Photon and Neutron community (Umbrella)
The Umbrella is an identity system designed by the European Photon and Neutron source facilities (PaNs’). It aims to make life easier and science more productive both for the facilities and their users. The Umbrella first of all provides any PaN-user (and effectively anyone interested in scientific discovery) with a unique identity, the UmbrellaID. Equipped with such an ID a user can virtually access the facilities with a single sign-on. Since the same Identity is known at each of the facilities, a user can more simply access or share data, manage administrative processes or make use of services and infrastructures provided by the PaNs’. The Umbrella is a joint project of the PaNs’ and other facilities with similar needs for an Identity Management System. The joint nature of this undertaking is the major benefit for the facilities. It permits to share the efforts for developing and maintaining the Umbrella system. Services offered by one of the facilities can be used by any of the users, which allows sharing of services within the Umbrella federation, which not only reduces the overall maintenance efforts but also leads to a richer eco-system of services for the user communities.
Future user operation at large scale facilities enforces user needs which are asking for a unique persistent user identification to have unified access to the following functionalities: a) 40% of the users do experiments at different facilities and need transfacility access, b) need for access to and management of experimental data, c) online entry mode: remote experiment access, d) access to efficient data analysis tools, e) remote file access, f) minimal administration load for users.
Umbrella is part of several FP7 projects namely: EuroFEL- ESFRI project Free Electron Lasers of Europe, PaNData-Europe & PaNData ODI- FP7 projects, CRISP – Cluster project of different ESFRI projects, CALIPSO – I3 synchrotron community, NMI3 - I3 neutron community, BioStruct-X –structural biology with synchrtron radiation 
Adopted Authentication & Authorisation Technologies
The photon and neutron community is using the Umbrella infrastructure for authorization. The technologies relevant for the community are SAML2 and X509 certificates.
Umbrella users are using credentials from their institutional IdPs and the federation in eduGAIN is an added value, alternatively users who cannot access to a federated IdP can use the catch-all IdP provided by Umbrella itself.
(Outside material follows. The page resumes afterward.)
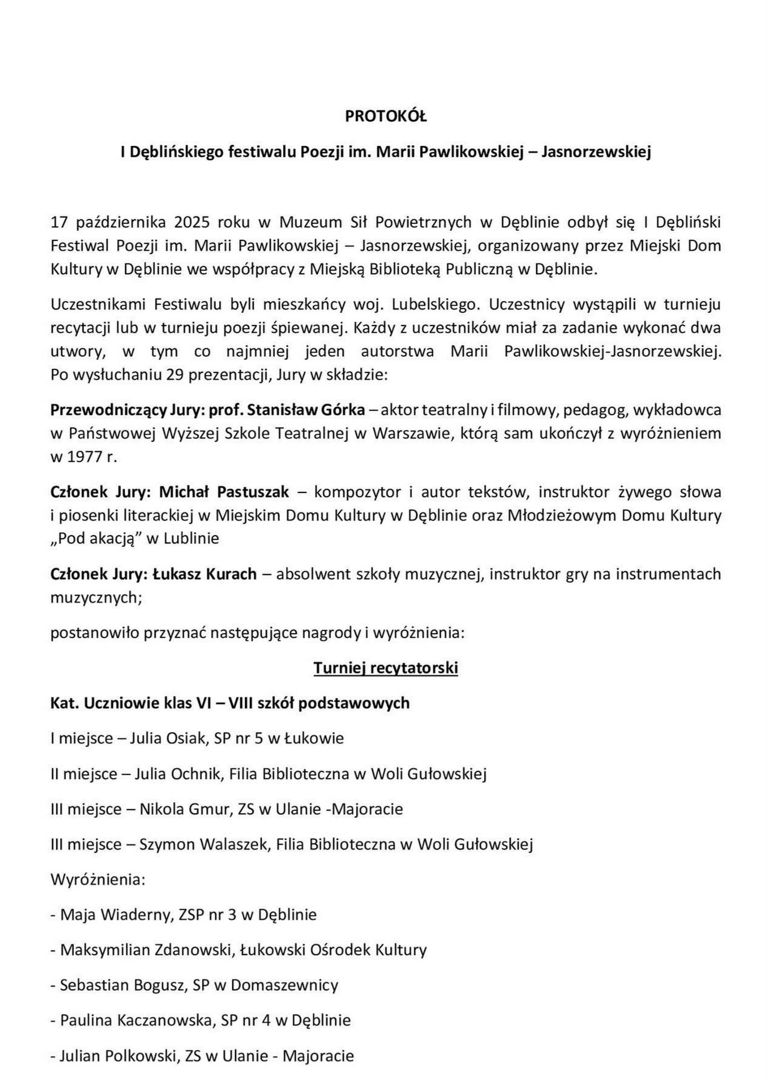 Gratulujemy recytatorom Łukowskiego Ośrodka Kultury, wszystkim nagrodzonym, uczestnikom i organizatorom Dęblińskiego Festiwalu Poezji!
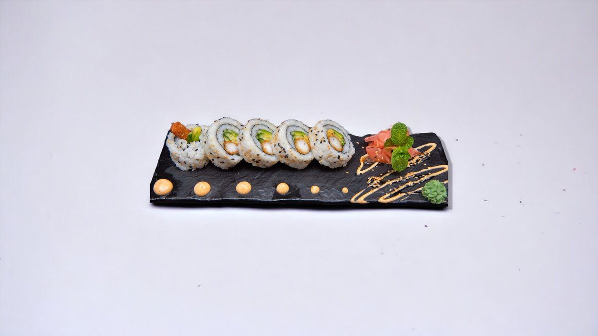smažená kreveta v tempuře, avokádo, majonéza, sezam

For the photon and neutron use cases AAI must support: easy single sign on solution, web based and non-web applications, delegation.
Attribute release policies
Not relevant.
LoA management
LoA management is relevant for the Umbrella use case.
Attribute management and community managed authorization
The community has already an unique identifier for the users. This is provided by the Umbrella infrastructure, since this has been a very important requirement for the community use case from the beginning.
Authorization based on community attributes is less relevant for the photon and neutron use case, since the authorization is entirely regulated by the service providers who enable users to access their services.